Jean Dupuis – L’amateur de
coq.
Extrait de « Les horizons mauves » Renaud Strivay – 1921 La pipe aux lèvres, un coude appuyé sur la baguette du poêle, Jean Dupuis caresse de la main son coq vainqueur au dernier concours, tandis que dans un coin de la chambre son fils, riant bambin de quatre ans, regarde attentivement des images d’Epinal. Soudain la porte s’ouvre et d’une voie inquiète, sa femme, qui revient du magasin, l’interpelle brusquement:
-As-tu payé ta cotisation à la caisse de secours?
– Je ne suis plus affilié!
-Comment?
– J’ai fait rayer mon nom de la liste des membres. Je ne suis jamais malade, je ne vois pas pourquoi j’irais verser mon argent pour les autres.
– Et l’abonnement du journal?
– Je ne lis plus…Tous les jours, les politiciens servent la même rengaine, tu refuseras le reçu, je suis fatigué de leurs litanies…
– Et moi? je suis condamnée à lire dans les nuages… comme Mathieu Laensberg.
– Fais ton ménage. Cela vaudra beaucoup mieux.
– Tu veux donc mendier plus tard et …
– Je ne vis plus que pour mon coq.
– N’est-ce pas malheureux?
– Mais pas du tout! Bientôt je n’irai plus dans la bure; mon coq nous fournira la subsistance.
– Est-ce possible?
– Vivre sans rien faire, n’est-ce pas le rêve de tout le monde?
– Enfin tu veux laisser la moitié de tes quinzaines chez les mastroquets.
– Je ne suis pas seul dans ce cas, il y a des centaines de « coquelis » à présent.
– Jolie excuse ma foi.
– Les uns « font » dans les pigeons, d’autres dans les pinsons, mois je « fais » dans les coqs.
Il faut bien que l’on s’amuse un peu le dimanche.

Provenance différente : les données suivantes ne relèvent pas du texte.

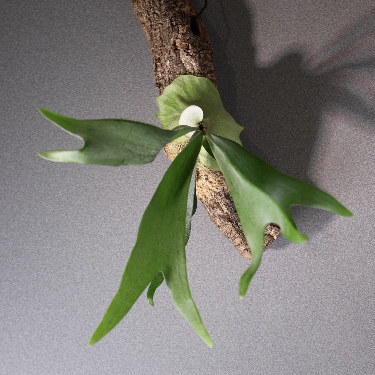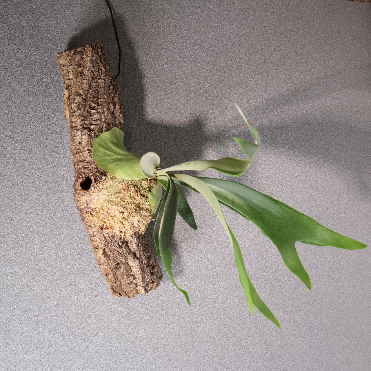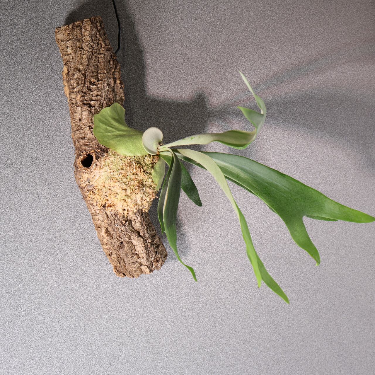 コルク付けにすることで、自然の樹上着生に近い姿を楽しめ、通気性がよく根張りも健やかに。壁面に飾ると存在感がありながらも落ち着いた雰囲気を演出してくれます。インテリアグリーンとしてはもちろん、植物好きにも人気の高い上級品種です。

– Et en semaine? Depuis dimanche tu es sorti trois fois avec ton coq, il faut que je lui coupe la tête.
– Malheureuse, si tu lui enlevais une plume!…
– J’ai compté ce que tu as dépensé depuis quinze jours pour les mises, les loges et les doublages: cent cinquante francs. Si à cette somme on ajoute tes amendes de la houillère et tes salaires perdus, tes frais de petites et de grandes gouttes, tes enjeux dans les prix, le bon lard du pays que tu donnes à cette pauvre bête que tu enfermes presque tout le temps dans la cave ou que tu écrases brutalement dans son panier, on arriverait certainement à trois cents francs. Tout ton argent prend le chemin du « Coq noir ». Aussi je n’ai plus que des jupes rapiécées, le petit n’a aucun jouet et toi, tu as l’air d’un mendigot. J’en suis vraiment honteuse. Il faudra que j’aille à la journée. – Les riches ont les tirs aux pigeons…
– Et beaucoup d’argent!
– Nous voulons gagner des « sous »…
– Oui… et vous ne semez partout que des ruines. Le divertissement des premiers jours est devenu une vraie passion.
– Ne sais-tu pas qu’il y a des femmes et même des enfants alignés au local des concours?…
– Oui, des enfants qui perdent l’école et des femmes qui laissent leur ménage à vau l’eau…C’est une calamité!
– Demain, je vais au grand concours de Lize… et j’espère bien y remporter le « bouquet, n’est-ce pas, Chanteclair?
– Cocorico!
Sept jours après on lisait dans un journal local les quelques lignes suivantes:
« Hier, au local du « Coq noir » deux coquelis en sont venus aux mains à la fin d’un concours. L’un d’eux, Jean Dupuis a reçu force coups de panier qui lui ont mis le visage en sang. Dans sa rage, il a étranglé son coq qui, paraît-il, lui a fait perdre ce jour là, près de cent cinquante francs. La police est saisie de l’affaire« . Après cet incident tragique, Jean Dupuis ne pratiqua plus son sport ridicule et redevint un ouvrier soucieux de son avenir.
Aussi l’aisance revint à son foyer et quand, au cours de ses promenades, il rencontrait un « coqueli » le « bot » au côté, il serrait nerveusement les poings et, dans la navrance de ses souvenirs, déplorait hautement sa néfaste passion.